Write your why down. Be specific. Ask yourself if it will still matter when things get hard. Because they will.


Understand Elk Behavior First

One of the biggest beginner mistakes is thinking elk are just oversized deer. They’re not.

Elk are herd animals. They think, move, and survive as groups. That’s why finding one elk often means more are nearby — and why one cow catching your wind can blow out an entire drainage.

Seasonal movement matters. Summer finds elk high and feeding heavy. Early September brings shifting social dynamics. The peak rut is chaotic and unpredictable. Post-rut bulls seek recovery zones. Late-season elk drop lower and become food driven.

Daily, everything revolves around four needs: food, water, cover, and security. More than anything, elk avoid pressure. When pressured, they don’t just move a few hundred yards — they relocate entirely.

You’re not just hunting elk. You’re hunting elk behavior.


Choose a State and Season You Can Actually Hunt

The best elk hunt for a beginner is the one you can go on.

Over-the-counter tags are the classroom. Yes, they come with pressure, but pressure teaches lessons you won’t learn sitting at home waiting on a dream tag.

Colorado, Idaho, and Montana offer consistent opportunities to build experience year after year. Waiting a decade for the perfect draw tag costs you something far more valuable than points — experience.

Pick a state. Pick archery or rifle. Commit.


Use E-Scouting the Right Way

Maps are tools, not guarantees.

E-scouting helps you identify food, water, cover, and security. It shows access points, pressure zones, and potential escape routes elk use once hunters arrive.

But maps don’t kill elk.

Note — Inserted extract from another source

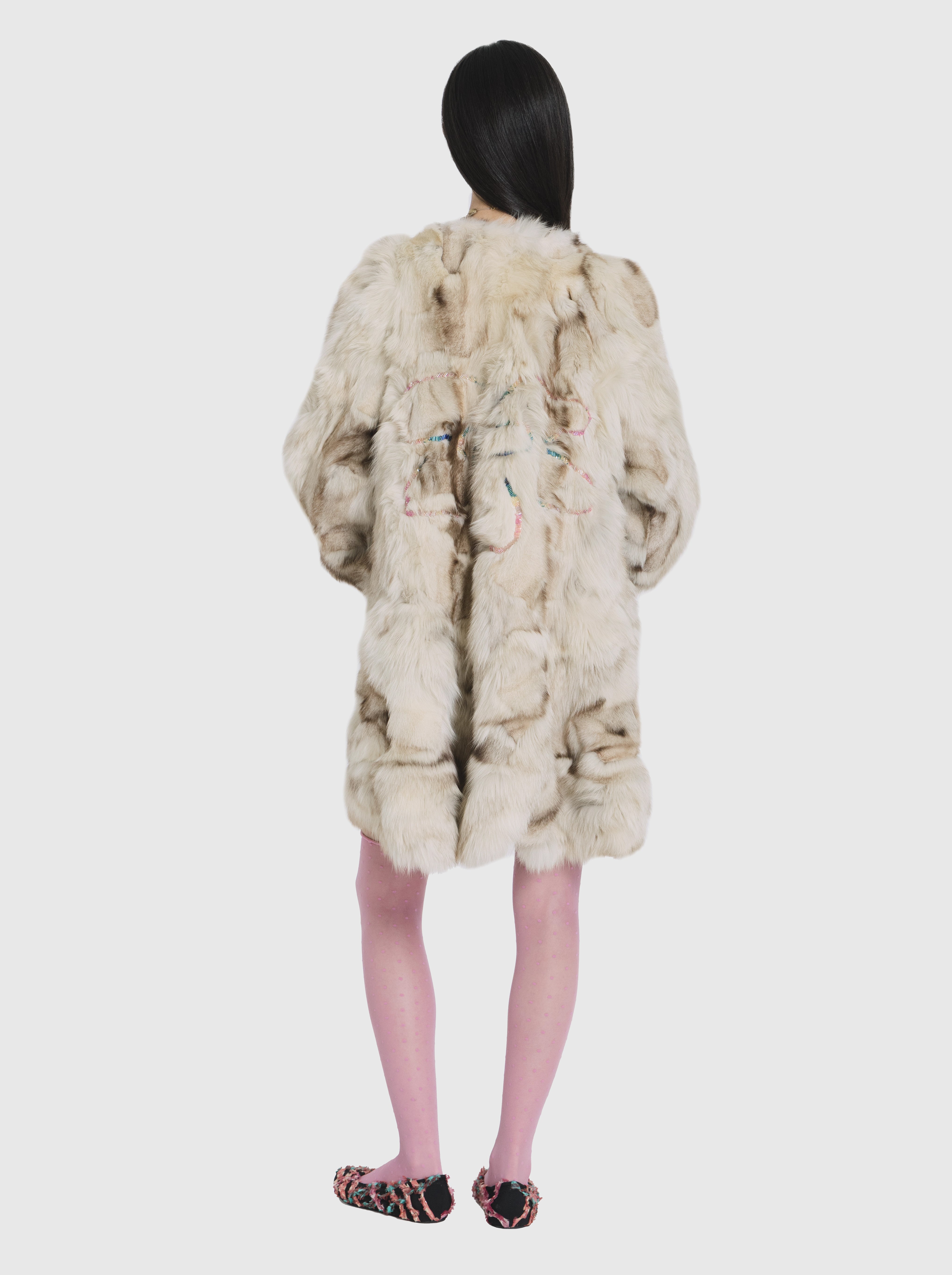 Fur coat with embroidery by Nensi Avetisian Upcycled garments from fall-winter 2025 collection are non-returnable

Boots on the ground do.

Don’t fall in love with a pin. Build multiple options. Ground truth everything. Let the elk tell you where they actually are.


Prepare Your Body for the Mountains

Elk hunting is physically demanding in a way most people underestimate.

It’s not just cardio. Strength matters — especially legs and core. You’ll climb thousands of vertical feet and carry heavy loads in steep terrain. If your body breaks down, the hunt is over.

Train like you hunt. Hike hills. Train with a pack. Build strength year-round, not two months before season.

Physical preparation builds mental toughness. When you’ve done hard things in training, you trust yourself when things get hard in the mountains.


Build a Gear System That Works

Gear doesn’t kill elk. Hunters do.

But the wrong gear will end your hunt fast.

Prioritize boots you’ve broken in, a pack capable of hauling meat, layered clothing that adapts to weather, a weapon you shoot confidently, and a kill kit you never leave behind.

Don’t try to buy your way out of inexperience. Knowledge, discipline, and preparation matter more than price tags.


Respect Wind and Thermals

Wind ruins more elk hunts than anything else.

Elk live by their nose. If they smell you, it’s over.

Learn thermals. Morning and evening shifts. Shade and sun. Terrain-driven swirls. Carry a wind checker. Test constantly. Be patient.

You can outwalk fatigue. You can outlearn mistakes. You can’t beat an elk’s nose.


Keep Calling Simple

Calling is powerful — and dangerous.

Start with cow calls. Use location bugles sparingly. Overcalling educates elk faster than almost anything.

Silence often kills more bulls than sound. Calling should be a conversation, not a lecture.

Practice year-round. Learn restraint. Less is more.


Build Mental Toughness

Elk hunting is a mental game.

There will be days of silence. Blown stalks. Missed opportunities. Moments where quitting feels logical.

The difference is whether you keep going.

Break hunts into chunks. Control what you can. Adapt when plans fail. Remember your why.

The breakthrough often comes right after the breakdown.


Just Start

Experience is the teacher.

You can watch every video and read every article, but nothing replaces time in the mountains. You will make mistakes. That’s the curriculum.

Pick a state. Buy the tag. Train your body. Use what you have. Go hunt.

Elk hunting will change you — whether you fill a tag or not.